また、大学病院の経営状況については、コロナ禍を経ても外来患者数、入院患者数共に落ち込んだままであり、診療単価が上がっても医業収入は減少する状況が続いていること等を報告した。
(2)では、医療・福祉分野の賃金の伸びは他産業に追い付いておらず、特に医療・福祉就業者の割合が高い地方ではその影響が大きくなっていることを説明。更に、平成24年から令和6年までの全産業と医療業の賃金の伸びを比較して医療業が全産業の伸びに追い付いていないことを示し、賃金上昇を踏まえた別次元の対応の必要性を訴えた。
(3)では、経済成長に伴う消費税、所得税、法人税等の増収分を安定的財源として活用するとともに、高齢化に合わせた社会保障予算の目安対応を見直すことが必要であると指摘。更に、インフレに伴う物価上昇を公定価格にも適切に反映させることや、出生数の減少により厳しい状況にある小児医療・周産期医療体制の確保に向けた強力な方策の必要性を主張した。
この後、角田徹日本医師会副会長が参加団体の総意として、4項目の対応を求める決議を取りまとめることを提案し、決議案を朗読。同案は賛成多数で採択された。今後は、今回の決議をもって各方面に上申していくこととなる。

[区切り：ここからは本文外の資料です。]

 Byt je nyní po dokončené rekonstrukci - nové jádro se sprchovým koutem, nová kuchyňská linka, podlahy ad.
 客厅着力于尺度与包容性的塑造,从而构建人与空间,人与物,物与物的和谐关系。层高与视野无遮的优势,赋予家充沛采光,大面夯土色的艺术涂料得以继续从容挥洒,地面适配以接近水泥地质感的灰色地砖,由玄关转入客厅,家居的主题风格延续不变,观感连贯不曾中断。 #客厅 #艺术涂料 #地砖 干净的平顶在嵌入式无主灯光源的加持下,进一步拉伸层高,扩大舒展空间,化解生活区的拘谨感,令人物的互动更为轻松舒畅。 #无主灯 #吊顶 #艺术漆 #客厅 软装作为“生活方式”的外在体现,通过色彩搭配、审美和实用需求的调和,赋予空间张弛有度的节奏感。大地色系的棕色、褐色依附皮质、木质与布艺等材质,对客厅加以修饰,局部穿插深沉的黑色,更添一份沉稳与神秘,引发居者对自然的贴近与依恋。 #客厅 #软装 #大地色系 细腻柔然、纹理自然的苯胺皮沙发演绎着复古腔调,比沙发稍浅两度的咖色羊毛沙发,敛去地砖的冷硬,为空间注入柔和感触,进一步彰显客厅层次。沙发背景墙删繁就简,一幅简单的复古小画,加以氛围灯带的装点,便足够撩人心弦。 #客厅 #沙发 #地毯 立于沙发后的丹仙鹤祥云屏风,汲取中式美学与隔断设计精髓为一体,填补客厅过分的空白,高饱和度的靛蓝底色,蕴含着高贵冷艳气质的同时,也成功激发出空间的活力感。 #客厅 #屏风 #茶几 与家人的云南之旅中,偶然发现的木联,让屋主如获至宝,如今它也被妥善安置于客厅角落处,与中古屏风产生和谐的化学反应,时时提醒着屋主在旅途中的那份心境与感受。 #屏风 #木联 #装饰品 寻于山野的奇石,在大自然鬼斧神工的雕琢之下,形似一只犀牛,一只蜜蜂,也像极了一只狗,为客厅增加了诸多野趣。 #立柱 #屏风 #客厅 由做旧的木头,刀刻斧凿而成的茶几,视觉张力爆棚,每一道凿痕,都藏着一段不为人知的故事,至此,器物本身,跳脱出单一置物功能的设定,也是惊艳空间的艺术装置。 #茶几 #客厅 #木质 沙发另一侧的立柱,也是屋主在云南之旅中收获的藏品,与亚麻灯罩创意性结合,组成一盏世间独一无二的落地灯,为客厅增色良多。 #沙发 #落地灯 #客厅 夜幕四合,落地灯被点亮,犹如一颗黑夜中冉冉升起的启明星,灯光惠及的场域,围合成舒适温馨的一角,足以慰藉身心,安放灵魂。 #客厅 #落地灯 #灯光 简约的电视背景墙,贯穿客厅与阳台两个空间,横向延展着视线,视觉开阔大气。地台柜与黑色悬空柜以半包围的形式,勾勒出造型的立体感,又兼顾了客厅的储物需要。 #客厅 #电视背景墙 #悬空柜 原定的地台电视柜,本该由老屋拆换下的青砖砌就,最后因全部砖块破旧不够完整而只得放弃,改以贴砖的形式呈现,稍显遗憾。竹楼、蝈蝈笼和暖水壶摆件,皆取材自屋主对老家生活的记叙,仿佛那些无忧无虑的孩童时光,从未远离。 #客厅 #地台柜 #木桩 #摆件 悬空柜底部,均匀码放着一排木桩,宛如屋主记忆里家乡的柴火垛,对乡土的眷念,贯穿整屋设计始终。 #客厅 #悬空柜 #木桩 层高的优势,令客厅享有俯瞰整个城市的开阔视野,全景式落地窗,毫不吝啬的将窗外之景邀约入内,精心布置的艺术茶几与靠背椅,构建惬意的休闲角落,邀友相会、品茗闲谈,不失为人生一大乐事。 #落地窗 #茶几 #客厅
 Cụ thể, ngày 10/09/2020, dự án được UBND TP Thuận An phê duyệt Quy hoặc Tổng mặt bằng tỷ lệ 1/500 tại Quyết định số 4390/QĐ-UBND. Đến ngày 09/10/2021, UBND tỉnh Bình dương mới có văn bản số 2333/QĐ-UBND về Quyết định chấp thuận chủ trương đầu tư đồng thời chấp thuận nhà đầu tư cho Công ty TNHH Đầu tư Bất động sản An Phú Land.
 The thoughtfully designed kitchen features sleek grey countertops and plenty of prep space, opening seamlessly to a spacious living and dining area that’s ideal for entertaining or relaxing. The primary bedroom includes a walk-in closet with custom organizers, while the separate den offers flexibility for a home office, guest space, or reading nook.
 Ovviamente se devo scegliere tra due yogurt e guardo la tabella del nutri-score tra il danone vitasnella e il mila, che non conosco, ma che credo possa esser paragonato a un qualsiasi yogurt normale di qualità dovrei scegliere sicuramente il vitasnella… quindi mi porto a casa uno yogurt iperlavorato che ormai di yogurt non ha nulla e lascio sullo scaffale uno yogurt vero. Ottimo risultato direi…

なお、次回の国医協総会を10月14日に、11月20日には「国民医療を守るための総決起大会」を開催予定としている。
決 議
医科歯科医療機関、薬局や介護事業所は、著しく経営状況が逼迫(ひっぱく)しており、閉院や倒産が相次いでいる。こうした状況を改善するには、まずは補助金による早期の適切な機動的対応が必要であり、さらに、診療報酬で安定的に財源を確保しなければならない。令和7年度におけるさらなる補正や、令和8年度診療報酬改定前に期中改定も求められている状況であり、補助金と診療報酬の両面から対応が必要である。 高齢化の伸びに加え、賃金上昇と物価高騰、さらには技術革新等への対応には、十分な原資が必要であり、国民医療推進協議会の総意として、「骨太の方針2025」の取りまとめに向けて、以下の対応を求める。 1.経済成長の果実の活用 近年大きく増加する消費税、所得税、法人税等の増収分を新たに安定的な財源として活用する新たな仕組みを構築する。 2.「高齢化の伸びの範囲内に抑制する」という社会保障予算の目安対応の見直し 賃金上昇や物価高騰の下での逼迫した経営状況、さらには技術革新等に対応し得るように目安対応を抜本的に改めた文言とする。 3.診療報酬、介護報酬等について、賃金・物価の上昇に応じた公定価格等への適切な反映 人手不足により、適切な医療・介護を提供できなくなることから、医療・介護業界でも他産業並みの賃上げができるよう、公定価格等へ適切な反映を行う。 4.小児・周産期体制の強力な方策の検討 小児・周産期体制については、単に集約すればいいということではなく、全国津々浦々で対応するための強力な方策を構築する。 以上、決議する。